Dataset entries:
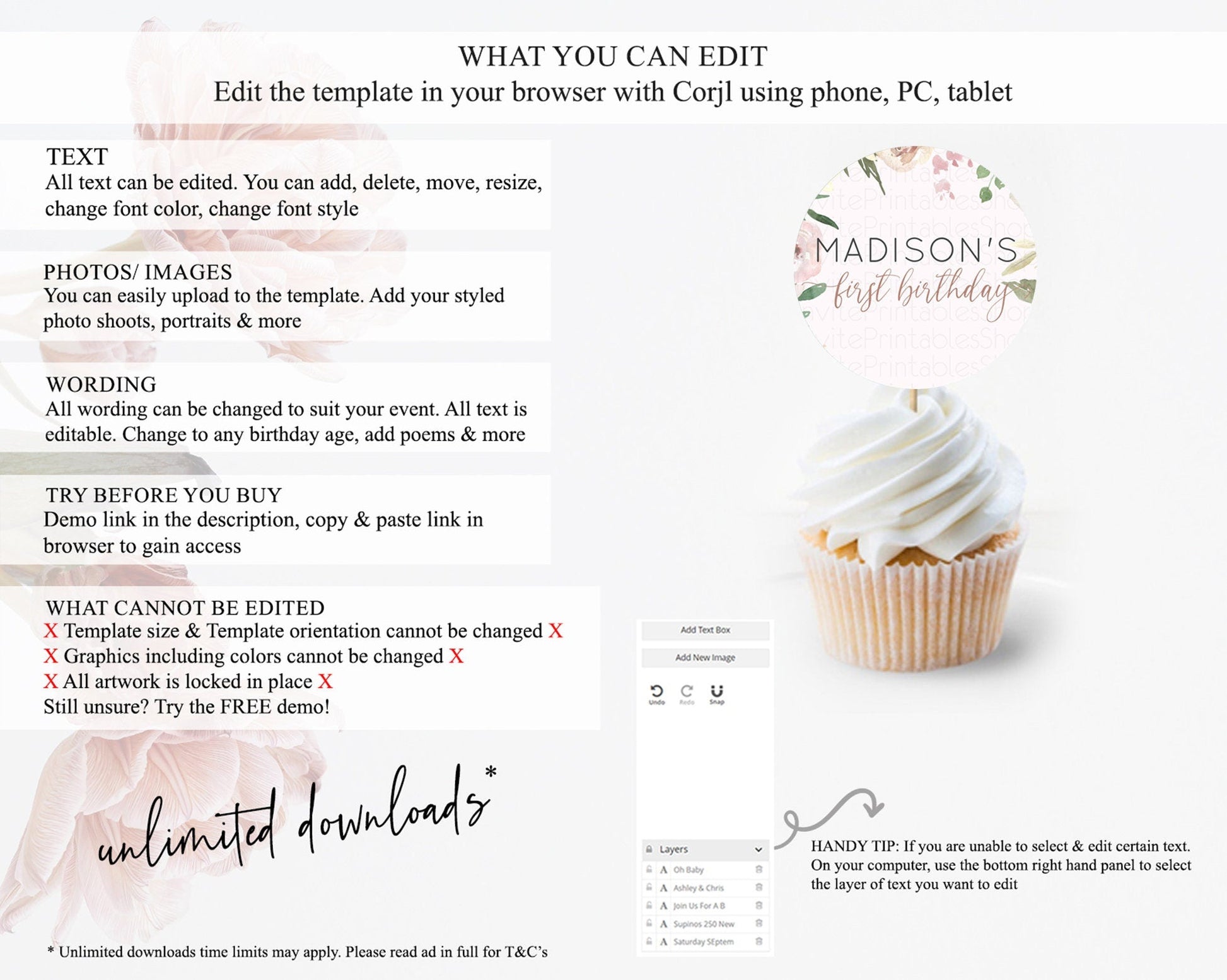 • After purchase, Corjl emails your editing link. Allow up to 15 minutes for delivery.
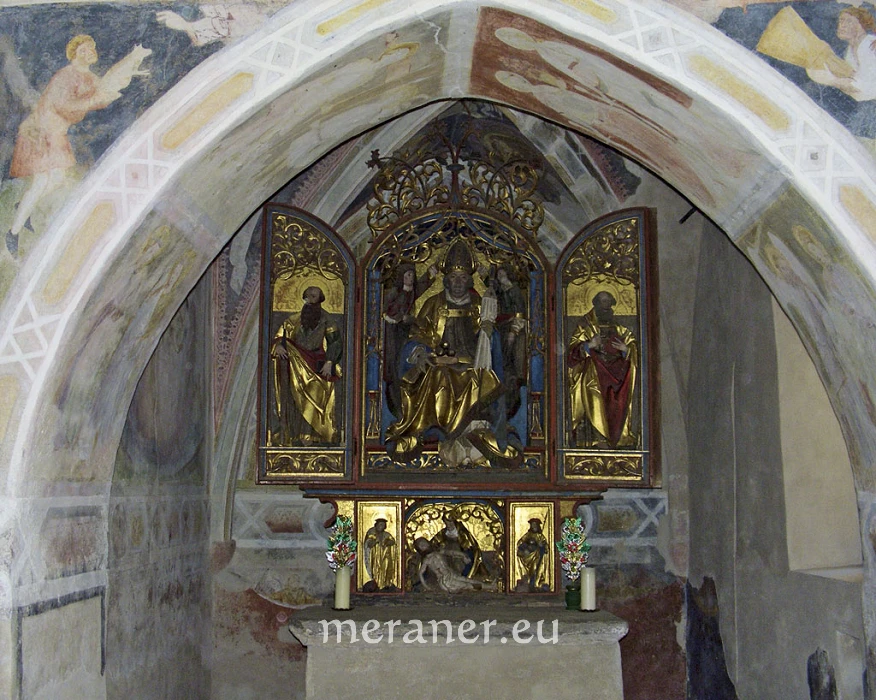 In Bad Dreikirchen herrscht die Stille einer unversehrten Mittelgebirgslandschaft von außerordentlichem Liebreiz. Die drei eng aneinander geschmiegten kleinen Kirchen sind nicht nur lagemäßig, sondern auch in kunst- und kulturgeschichtlicher Hinsicht ein Juwel unseres Landes. Sie bestechen außen durch ihre malerische Architektur und ein mächtiges Christophorusfresko aus dem 15. Jahrhundert. Im Innern der Magdalena- und der Gertraudskirche können wir je einen gotischen Flügelaltar und gotische Fresken bewundern. Die Grundmauern des heutigen Badgasthauses entstanden im Jahr 1315. Um das Jahr 1855 wurden hier mehr als 400 Badegäste gezählt. Der Dichter Christian Morgenstern weilte 1908 in Dreikirchen und lernte dort seine Frau kennen. Unser Blick reicht weit ins mittlere Etschtal und in die Dolomiten. Man soll von Dreikirchen einundvierzig Kirchtürme sehen.
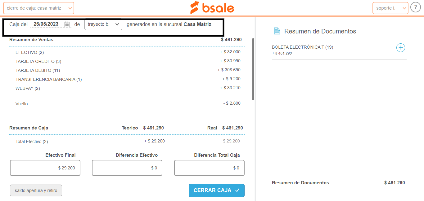 Los cierres de cajas puedan configurarse por usuarios que emiten los documentos, también llamados emisores de documentos, o por sucursal.
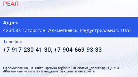 РЕАЛ по адресу 423450, Татарстан, Альметьевск, Индустриальная, 10/6 в дальнейшем Организация, размещена в следующих категориях:
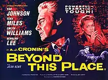 Beyond This Place (released in the United States as Web of Evidence) is a 1959 British crime mystery film based on the 1950 novel of the same title by A. J. Cronin.[1] It was directed by Jack Cardiff and stars Van Johnson and Vera Miles.[2]
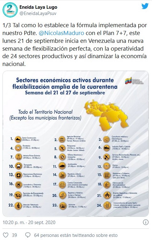De igual forma Laya Lugo aseveró que, los establecimientos están en los 24 sectores productivos en los Centros Comerciales, y dentro del horario tipificado pueden aperturar “Se mantienen 24 sectores económicos dentro del esquema de flexibilización”, sentenció.

### TASK INSTRUCTIONS
Repeat every record above exactly, but leave out any pictures.

### WORKED SOLUTION
 • After purchase, Corjl emails your editing link. Allow up to 15 minutes for delivery.
 In Bad Dreikirchen herrscht die Stille einer unversehrten Mittelgebirgslandschaft von außerordentlichem Liebreiz. Die drei eng aneinander geschmiegten kleinen Kirchen sind nicht nur lagemäßig, sondern auch in kunst- und kulturgeschichtlicher Hinsicht ein Juwel unseres Landes. Sie bestechen außen durch ihre malerische Architektur und ein mächtiges Christophorusfresko aus dem 15. Jahrhundert. Im Innern der Magdalena- und der Gertraudskirche können wir je einen gotischen Flügelaltar und gotische Fresken bewundern. Die Grundmauern des heutigen Badgasthauses entstanden im Jahr 1315. Um das Jahr 1855 wurden hier mehr als 400 Badegäste gezählt. Der Dichter Christian Morgenstern weilte 1908 in Dreikirchen und lernte dort seine Frau kennen. Unser Blick reicht weit ins mittlere Etschtal und in die Dolomiten. Man soll von Dreikirchen einundvierzig Kirchtürme sehen.
 Los cierres de cajas puedan configurarse por usuarios que emiten los documentos, también llamados emisores de documentos, o por sucursal.
 РЕАЛ по адресу 423450, Татарстан, Альметьевск, Индустриальная, 10/6 в дальнейшем Организация, размещена в следующих категориях:
 Beyond This Place (released in the United States as Web of Evidence) is a 1959 British crime mystery film based on the 1950 novel of the same title by A. J. Cronin.[1] It was directed by Jack Cardiff and stars Van Johnson and Vera Miles.[2]
De igual forma Laya Lugo aseveró que, los establecimientos están en los 24 sectores productivos en los Centros Comerciales, y dentro del horario tipificado pueden aperturar “Se mantienen 24 sectores económicos dentro del esquema de flexibilización”, sentenció.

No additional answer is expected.